The mean exercise number per week was 3.8 (SD 1.2) at 1 week, 4.2 (SD 1.1) at 6 weeks, and 4.1 (SD 1.2) at 12 weeks, satisfying the exercise prescription. A total of 85 patients completed all 6MWTs according to the schedule. In addition to 10 patients who dropped out, 5 patients refused to perform 6MWT because of general weakness, paraplegia, knee pain, and dizziness. There was significant difference in the baseline 6MWD according to baseline ECOG-PS. The mean distance was 416.8 m (SD 55.4) in patients with ECOG-PS 0, 369.8 m (SD 80.3) in those with ECOG-PS 1, and 305.7 m (SD 89.1) in those with ECOG-PS 2 (P=.04). After PR, the 6MWD had improved significantly: 380.1 m (SD 74.1) at baseline, 429.1 m (SD 58.6, P<.001) at 6 weeks, and 448.1 m (SD 50.0, P<.001) at 12 weeks (). We investigated the exercise capacity depending on their treatment response. Consequently, patients with stable disease showed significantly improved 6MWD: 384.2 m (SD 74.6) at baseline, 426.1 m (SD 6.5, P<.001) at 6 weeks, and 447.4 m (SD 50.4, P<.001 at 12 weeks ( ). However, exercise capacity remained unimproved in patients with progressive disease.
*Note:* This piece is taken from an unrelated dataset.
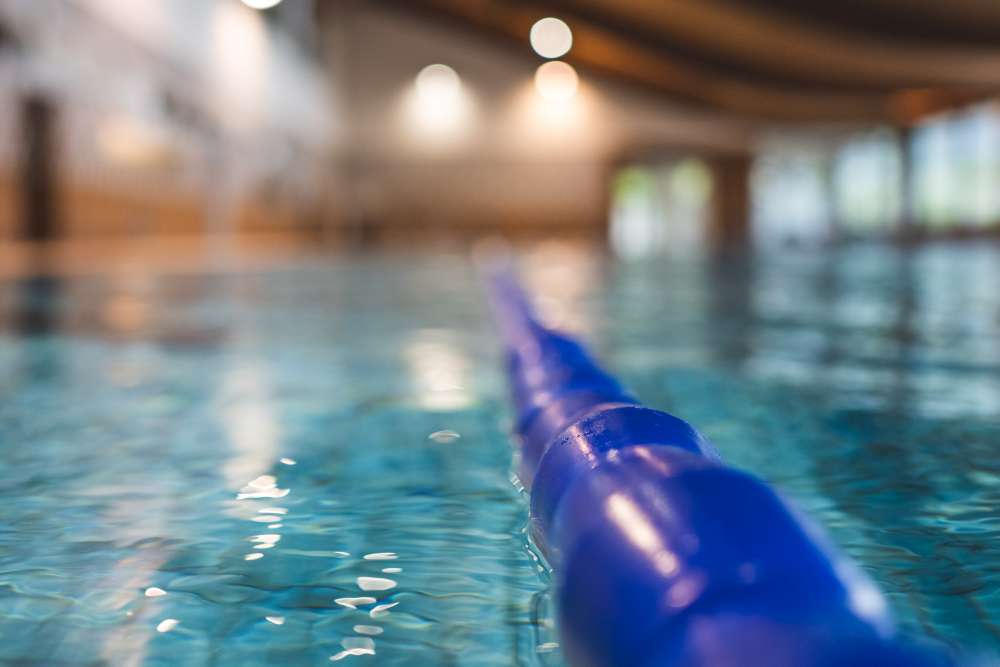 Ein Schwimmbadlift für Menschen mit Behinderung kann auf Anfrage zur Verfügung gestellt werden.

The dyspnea scale, evaluated using the EORTC QLQ-C30, did not show any significant improvement in the patients overall, but patients with stable disease tended to improve.
Quality of Life, Functional, and Symptom Scales
Of 90 patients who completed the study, 86 patients completed all questions in the questionnaire EORTC QLQ-C30. The EORTC QLQ-C30 consists of a global health status and QoL scale, functional scales, and symptom scales. Global health status and QoL tended to improve in patients overall, although not statistically significant (), whereas all functional scales, except the cognitive scale, improved significantly after PR. Symptom scales, in which a high score represents more severe symptoms, for fatigue, appetite loss, and diarrhea showed significant improvement in patients overall. In patients with stable disease, global health status and QoL scale did not improve significantly. Nevertheless, similar improvement in functional and symptom scales were observed in these patients as in the patients overall.
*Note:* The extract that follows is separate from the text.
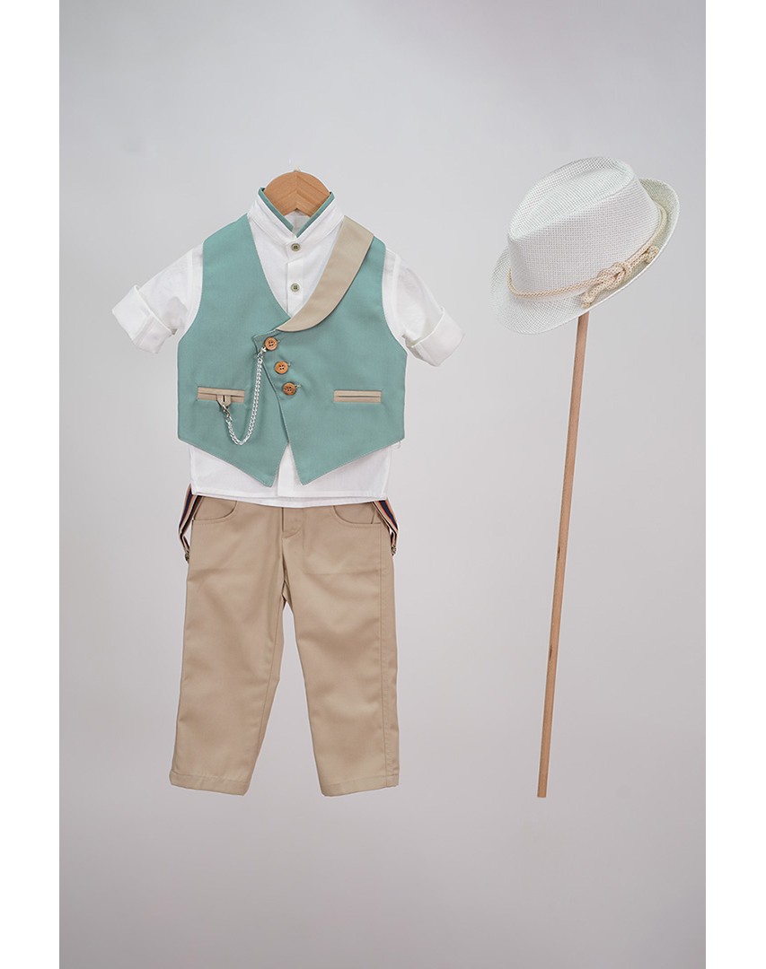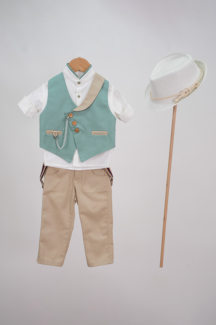Ιδιαίτερο και κομψό κοστούμι από Nikos-Takis. Αποτελείται από μπεζ παντελόνι καπαρντινέ με τιράντες, λευκό πουκάμισο με γιακά mao, και λεπτομέρεια βεραμάν. Το κοστούμι ολοκληρώνει το μοντέρνο γιλέκο σε βεραμάν απόχρωση με μπεζ λεπτομέρειες  και ένα αλυσιδάκι.

Overall, the pain severity significantly decreased at 6 weeks: 1.7 (SD 2.2) at baseline and 1.2 (SD 1.8, P=.02) at 6 weeks, but not at 12 weeks (mean 1.4, SD 1.9; P=.20;). In patients with stable disease, the NRS score tended to improve at 6 weeks: 1.7 (SD 2.2) at baseline and 1.2 (SD 2.0, P=.06) at 6 weeks, but not at 12 weeks (mean 1.5, SD 1.9; P=.79).
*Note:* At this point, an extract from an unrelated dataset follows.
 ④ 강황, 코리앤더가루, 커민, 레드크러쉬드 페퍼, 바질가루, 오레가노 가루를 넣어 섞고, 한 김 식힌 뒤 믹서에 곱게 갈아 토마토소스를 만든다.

Overall, baseline distress indexes showed mild anxiety and depression (). Low indexes represent less distress. Anxiety significantly improved at 12 weeks: 3.9 (SD 4.1; baseline), 3.4 (SD 3.7; 6 weeks P=.11), 2.4 (SD 3.8; 12 weeks, P<.001; ). Depression worsen at 6 weeks: 4.7 (SD 4.9; baseline), 5.0 (SD 5.2; 6 weeks, P=.44), but significantly improved at 12 weeks (mean 3.5, SD 4.5; P=.02; ). Only the depression index was associated with the treatment response (P=.04).
Of 90 patients who completed the PR program, 69 (69/90, 77%) patients reported that they were satisfied with the service and 79 (79/90, 88%) reported that they would recommend it to others. Neither age nor home region affected on service satisfaction. A total of 86 (86/90, 96%) patients reported that they were paying more attention to their health or disease status since using the app. In addition, all patients reported that the management algorithms for adverse events were helpful for controlling symptoms and determining when to visit the hospital. Patients who reported dissatisfaction with the service mostly cited difficulty in handling the app and frequent system error.
Unexpected Visits to the Emergency Department
Of 991 patients who did not participate in this study, 302 (302/991, 30.5%) visited the ED. However, 15 (15/100, 15.0%) of 100 patients included in this study visited the ED during the same period; this indicated a significant reduction in frequency (P=.001). The baseline characteristics, such as sex and tumor stage, were not significantly different between 2 groups; baseline age was more in patients who did not participate in the study than in patients who did (62.9 years, SD 10.3 vs 55.2 years, SD 8.7; P=.03). However, there was no significant difference in age between patients who visited the ED and those who did not (62.6 years, SD 10.6 vs 63.0 years, SD 0.2; P=.71).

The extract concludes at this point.